Code Monkey home page Code Monkey logo

hitme's Introduction

HiTME 🎯 👊

High-resolution Tumor Micro-Environment cell type classification and compositional analysis for single-cell RNA-seq

HiTME is designed for precise cell type classification within the complex tumor microenvironment (TME), providing high accuracy and interpretability in cell type identification.

Find a vignette describing its main functions in html and its code (repository).

Installation

remotes::install_github("carmonalab/HiTME")

How to cite HiTME

Please note that the publication describing HiTME is currently in preparation.
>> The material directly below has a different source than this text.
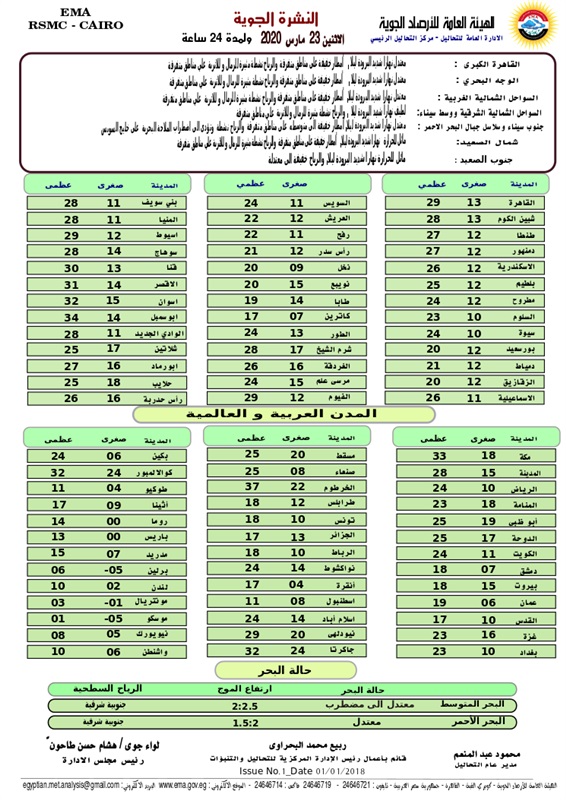 اعلن خبراء هيئة الأرصاد ،عن حدوث تغيرات جوية بطقس اليوم الاثنين، حيث يشهد ارتفاع ملحوظ بحرارة الجو يصل 8 درجات عن اليوم الأحد ، حيث يتوقع بالقاهرة الكبرى طقس معتدل نهارا شديد البرودة ليلا، وأمطار خفيفة على مناطق متفرقة والرياح مثيرة للرمال والأتربة على مناطق متفرقة ، ويشهد الوجه البحرى أيضا طقس معتدل نهارا شديد البرودة ليلا، وأمطار خفيفة على مناطق متفرقة والرياح مثيرة للرمال والأتربة على مناطق متفرقة ، وعلى السواحل الشمالية الغربية، طقس معتدل نهارا شديد البرودة ليلا، وأمطار خفيفة على مناطق متفرقة والرياح مثيرة للرمال والأتربة على مناطق متفرقة.

In the meantime, we kindly ask that you cite the two primary components of HiTME in your work:

  • scGate: Andreatta, Massimo, Ariel J. Berenstein, and Santiago J. Carmona. 2022. “scGate: Marker-Based Purification of Cell Types from Heterogeneous Single-Cell RNA-Seq Datasets.” Bioinformatics 38 (April): 2642–44. https://doi.org/10.1093/BIOINFORMATICS/BTAC141.
  • ProjecTILs: Andreatta, Massimo, Jesus Corria-Osorio, Sören Müller, Rafael Cubas, George Coukos, and Santiago J. Carmona. 2021. “Interpretation of t Cell States from Single-Cell Transcriptomics Data Using Reference Atlases.” Nature Communications 2021 12:1 12 (May): 1–19. https://doi.org/10.1038/s41467-021-23324-4.

Cell type annotation

HiTME is an R package that combines scGate and ProjecTILs to classify cell types in single-cell RNA-seq data at high resolution and with large flexibility (e.g. easy to include new cell types).

The function takes as input Seurat objects (or list of them). These should be split by sample to avoid batch effects, or split internally in Run.HitME by indicating the parameter split.by.

This wrapper firstly runs scGate (easily customizable) marker-based classification, resulting in a coarse-grained cell type classification (CD4T, B cell, Dendritic cell...). Next, it runs for each broad cell type ProjecTILs for a finer cell type classification (CD4+ TFH, Tex CD8+, cDC1...) based on cell mapping onto expert-curated single-cell reference maps.

library(scGate)
library(ProjecTILs)
library(HiTME)

# If multiple samples are within the same Seurat object, split by sample.
# obj.list <- SplitObject(obj, split.by = "Sample")

# Define scGate model if other than default is wanted
scGate_models_DB <- get_scGateDB(branch = "master")
models.TME <- scGate_models_DB$human$HiTME

# Load ProjecTILs reference maps
path_ref <- "~/reference_atlases"
ref.maps <- list(CD8 = load.reference.map(file.path(path_ref, "CD8T_human_ref_v1.rds")),
                 CD4 = load.reference.map(file.path(path_ref, "CD4T_human_ref_v2.rds")),
                 DC = load.reference.map(file.path(path_ref, "DC_human_ref_v1.rds")),
                 MoMac = load.reference.map(file.path(path_ref, "MoMac_human_v1.rds"))
                 )

By default scGate (layer 1) will return the cell ontology ID for each predicted cell type. This ID will be then used to link each coarse cell type with its respective reference map for finer cell type classification using ProjecTILs. Hence, we need to indicate each respective cell ontology ID(s) for each reference map.

If alternative cell type link are used between the coarse and finer cell type classification, this must be specified in Run.HiTME using layer1_link parameter.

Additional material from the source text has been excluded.